Veel van de hoteliers, vervoerders en andere partijen waarmee we samenwerken zijn gevestigd buiten Europa. Mogen we de gegevens van onze klanten na een boeking nog wel met hen delen?

Ja. Het delen van de gegevens met een hotelier is namelijk noodzakelijk voor de uitvoering van de overeenkomst (overnachten in het hotel). Dat geldt nog steeds als deze buiten Europa zit. Drie zaken zijn hierbij wel belangrijk. Als eerste is het voor een reisorganisatie verplicht om afspraken te maken met de hotelier over het verwerken van deze gegevens. Daarin leg je bijvoorbeeld vast dat de hotelier de gegevens alleen mag verwerken voor het goed uitvoeren van de boeking en niet mag delen met andere organisaties. Daarnaast is het verplicht om de klant hier van tevoren duidelijk over te informeren. In het privacy statement moet je uitleggen dat het nodig is voor de boeking om deze data te delen en welke afspraken je met hoteliers en vervoerders hierover hebt gemaakt over persoonsgegevens. Dit privacy statement is ook de plek waar je uitlegt hoe lang je iemand gegevens bewaart en andere relevante informatie deelt – liefst zoveel mogelijk in begrijpelijke taal. Als derde is het belangrijk om te weten dat je voor een adequaat beschermingsniveau moet zorgen, als je gegevens doorgeeft buiten de EU – zie deze uitleg van de toezichthouder.
Bovenstaande uitleg is vooral gericht op reisorganisaties, die boekingen regelen voor hun klanten. Het is ook mogelijk dat mensen direct bij het hotel zelf boeken. In dat geval is de hotelier geen verwerker meer, maar verantwoordelijke en moet hij zich ook als verantwoordelijke aan de AVG houden. Vanwege de vele bureaus, tussenpersonen en boekingswebsites in de reisbranche, is het aannemelijk dat de meeste hoteliers beide rollen aan moeten nemen.

Hoe lang mogen we gegevens van een klant na een boeking bewaren?

Dat is een interessante vraag. De AVG zegt namelijk niet hoe lang je gegevens je mág bewaren, maar verplicht je als organisatie na te gaan hoe lang het nódig is. Die afweging mag je als organisatie dus zelf maken, als je er maar een logische, sluitende argumentatie voor hebt. Zorg er ook voor dat je de betrokkenen informeert over de vastgestelde bewaartermijnen. Voor reisorganisaties is de bewaartermijn verbonden met de mate van engagement: als iemand drie jaar na het boeken van een reis een mail krijgt, hoe groot is de kans dat hij deze mail opent of opnieuw een reis boekt?
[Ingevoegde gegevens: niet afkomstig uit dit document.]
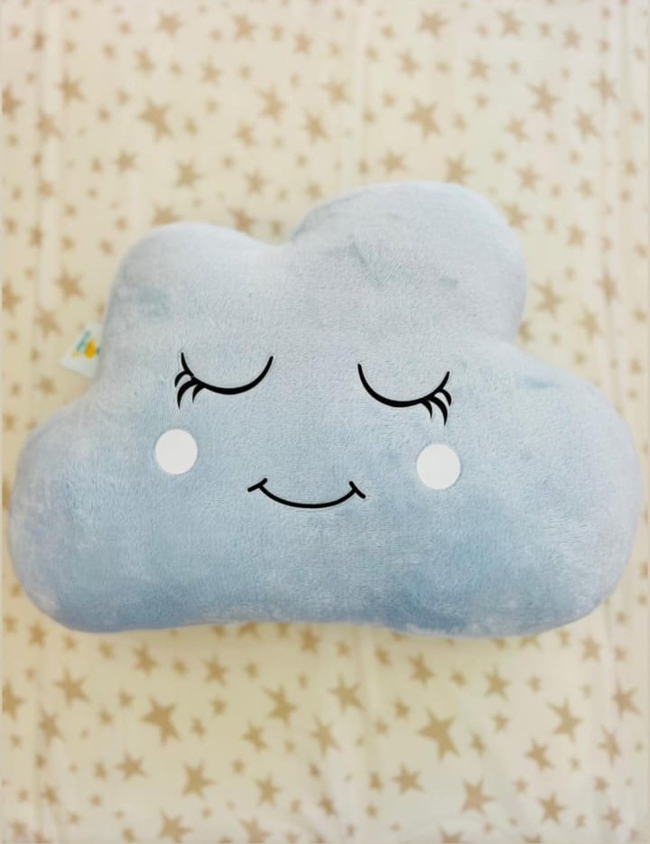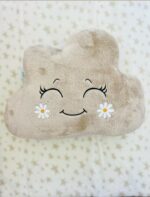 Coussin décoratif en forme de nuage pour la chambre de bébé ou le berceau. Tissu en peluche ultra-douce pour un confort maximal. Disponible en deux adorables designs : nuage endormi (yeux fermés) ou nuage joyeux (sourire et marguerites). Parfait pour ajouter une touche de douceur et de fantaisie à la décoration.

Op basis van dergelijke aankoop- en engagementstatistieken kun je bepalen hoe lang de bewaartermijn is – bijvoorbeeld ‘drie jaar na de laatste boeking’. Het helpt om hierbij te denken vanuit de klant: hoe logisch is het voor je klant dat zijn data nog in jouw systemen staat? Welke argumentaties je ook gaat gebruiken, je bent altijd verplicht deze op te slaan in je verwerkingenregister, zodat je deze aan de toezichthouder kunt voorleggen als dat nodig is.

Hoe kunnen we het beste mee omgaan met de extra rechten van onze klanten, zoals het recht om vergeten te worden?

Consumenten krijgen er vanaf 25 mei inderdaad een aantal rechten bij. Naast het hierboven besproken (en al geldende) recht op informatie zijn dat het recht op dataportabiliteit en het recht om vergeten te worden. Het recht op dataportabiliteit houdt in dat mensen hun persoonsgegevens kunnen (laten) overdragen van de ene organisatie naar de andere. Het lijkt niet erg waarschijnlijk dat consumenten dit recht gaan toepassen op reisorganisaties, maar je moet er in elk geval op voorbereid zijn. De kans is groot dat het recht om vergeten vaker zal worden gebruikt. Dit is een uitbreiding van het bestaande recht van de betrokkene om persoonsgegevens (onder bepaalde voorwaarden) te laten verwijderen door een organisatie. Onder de AVG zijn er voor mensen meer mogelijkheden om een bedrijf te verzoeken om zijn gegevens te laten verwijderen. Om aan dit verzoek te kunnen voldoen, is het dus zaak om alle persoonsgegevens in je organisatie in kaart te brengen. Ook moet je technisch in staat zijn deze gegevens te verwijderen. Bij veel organisaties is dit een flinke klus, bijvoorbeeld doordat er nooit met één centraal datasysteem is gewerkt. Begin hier dus tijdig mee en beoordeel welke data in aanmerking komen voor het recht om vergeten te worden. Soms ben je namelijk wettelijk verplicht om bepaalde gegevens te bewaren, bijvoorbeeld voor de Belastingdienst. Die gegevens mag je niet verwijderen als een betrokkene daarom vraagt.